Outdated JavaScript Framework Can Be Used to Take Your App Offline

Your application uses AngularJS 1.8.3, an outdated JavaScript framework that contains a known security flaw (CVE-2024-21490). An attacker can send a specially crafted request that causes your app to freeze or crash — making it unavailable to your customers. Importantly, AngularJS reached its official end of life in December 2021 and will never receive a patch for this issue.
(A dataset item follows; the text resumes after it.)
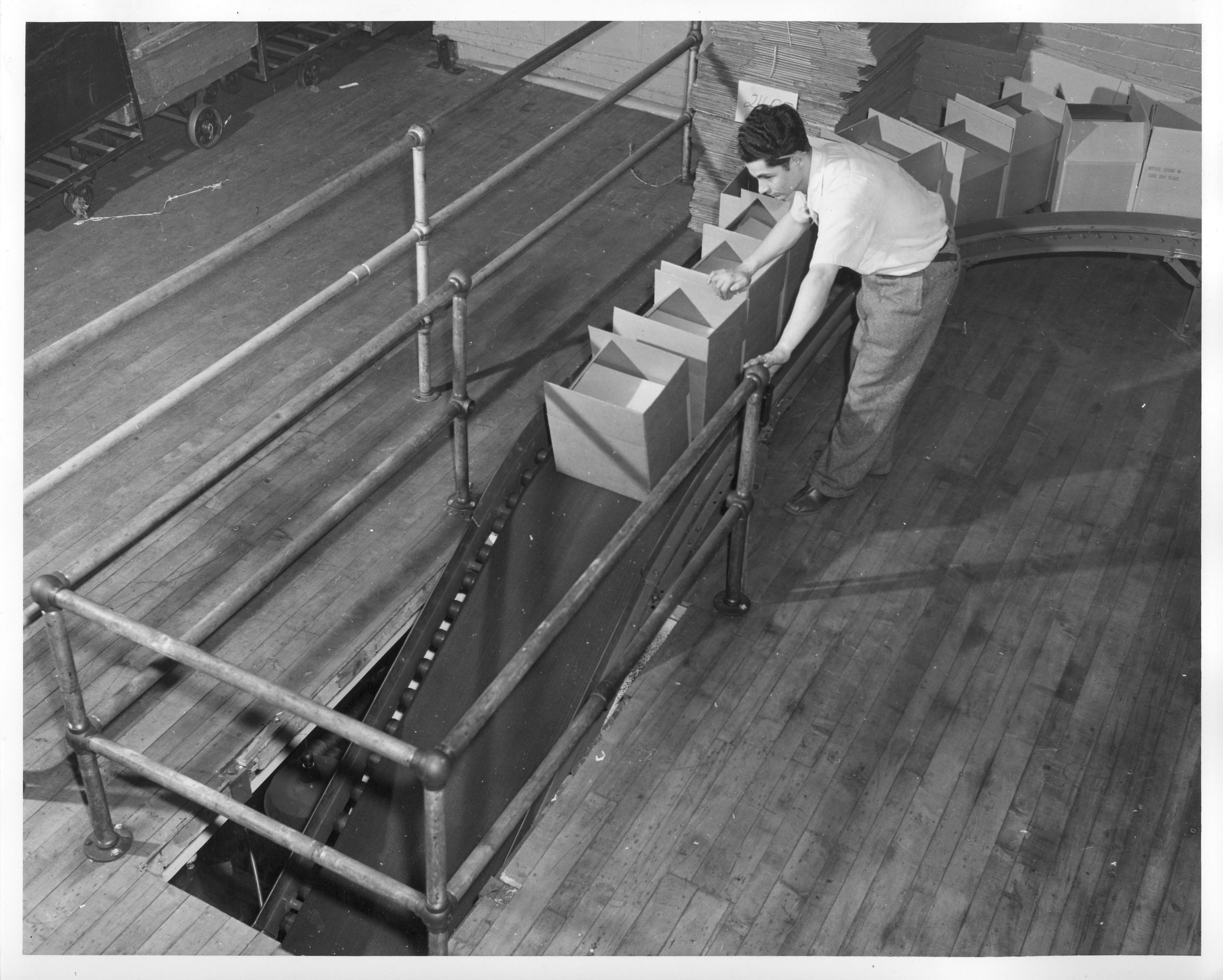Black and white photographic print of textile worker George Rusyn transporting boxes of shuttle bobbins on a conveyor belt at the American Thread Company, Willimantic, CT. Unknown photographer.Photograph Details

Business Impact And Actions

high urgency

Business Impact

If exploited, this vulnerability can make your web application completely unresponsive, resulting in service downtime for your customers. Downtime directly affects revenue, customer trust, and — depending on your industry — may trigger SLA breaches or compliance concerns. Because no official patch exists for AngularJS, the risk will persist until the framework is replaced.

What To Do

  1. Ask your development team to assess how much of your application relies on AngularJS — this will determine the scope of the migration effort.
  2. Plan a migration away from AngularJS to a modern, actively maintained framework (such as Angular, React, or Vue). This is the only permanent fix.
  3. As a short-term measure, ask your developer to add input length limits on any form fields or URL inputs that feed into image-related components, to reduce the chance of a successful attack.
  4. If a full migration is not immediately feasible, ask your developer to evaluate commercial long-term support options for AngularJS (e.g., HeroDevs NES) that provide security patches for EOL versions.

AngularJS 1.x ReDoS via ng-srcset Directive (CVE-2024-21490)

high severity

Vulnerability Explanation

The AngularJS `ng-srcset` directive uses a regular expression to split its attribute value into individual image source URLs. This regex is susceptible to catastrophic backtracking when given a large, carefully crafted input string — for example, a long sequence of URLs separated by many spaces and commas. The JavaScript regex engine must explore an exponentially growing number of matching paths, causing CPU to spike and the browser tab or Node.js server thread to hang. The attack requires no authentication and no user interaction: any endpoint that renders attacker-controlled content inside an `ng-srcset` attribute is a viable attack surface.

Root Cause

The root cause is an inefficiently designed regular expression in AngularJS's `ng-srcset` directive handler that does not account for worst-case backtracking complexity. Because AngularJS reached end of life on December 31, 2021, no official patch has been or will be issued for this flaw.

Technical Impact

An unauthenticated remote attacker can trigger a Denial of Service (DoS) by supplying a crafted `ng-srcset` value. This causes the application to become unresponsive — either hanging the browser tab (client-side rendering) or spiking CPU on the server (server-side rendering / Node.js). Availability is fully impacted; confidentiality and integrity are not affected.

Severity Justification

CVSS v3.1 base score of 7.5 (AV:N/AC:L/PR:N/UI:N/S:U/C:N/I:N/A:H). Network-exploitable with no privileges or user interaction required. Impact is limited to availability — no data exposure or integrity risk.

Affected Components

  • angular (AngularJS) >= 1.3.0 and <= 1.8.3

Remediation Steps

  1. Audit your codebase to identify all uses of the `ng-srcset` directive and any dynamic data bound to it from user-controlled sources.
  2. Migrate from AngularJS (`angular` npm package) to a supported framework. The official recommendation is `@angular/core` (modern Angular). React and Vue are also viable alternatives depending on your stack.
  3. If a full migration is not immediately feasible, evaluate commercial long-term support from HeroDevs (NES), which has issued a patch for this CVE in versions 1.9.3+ and 1.5.19+.
  4. As a short-term mitigation, implement strict server-side input validation to reject or truncate abnormally long strings before they are bound to `ng-srcset` attributes.
  5. After migration, remove the `angular` npm package entirely and audit `package.json` and `package-lock.json` to confirm no transitive dependency re-introduces it.

Verification Steps

  1. Run `npm list angular` or `grep -r '"angular"' package.json package-lock.json` to confirm the vulnerable package is no longer present.
  2. Search the codebase for `ng-srcset` usages: `grep -r 'ng-srcset' src/` — verify none remain bound to unvalidated user input.
  3. Use a dependency audit tool (`npm audit` or Snyk CLI) after migration to confirm CVE-2024-21490 is no longer reported.
  4. If using HeroDevs NES, verify the installed version is >= 1.9.3 (1.9 branch) or >= 1.5.19 (1.5 branch).

Best Practices

  • Never use end-of-life frontend frameworks in production — subscribe to EOL calendars (e.g., endoflife.date) and plan migrations before support ends.
  • Validate and sanitize all user-supplied input server-side before it is rendered into any HTML attribute, including image source sets.
  • Regularly run `npm audit` or integrate a software composition analysis (SCA) tool into your CI/CD pipeline to catch vulnerable dependencies automatically.
  • When evaluating regex patterns in your own code, use tools like regex101.com or safe-regex to check for catastrophic backtracking potential.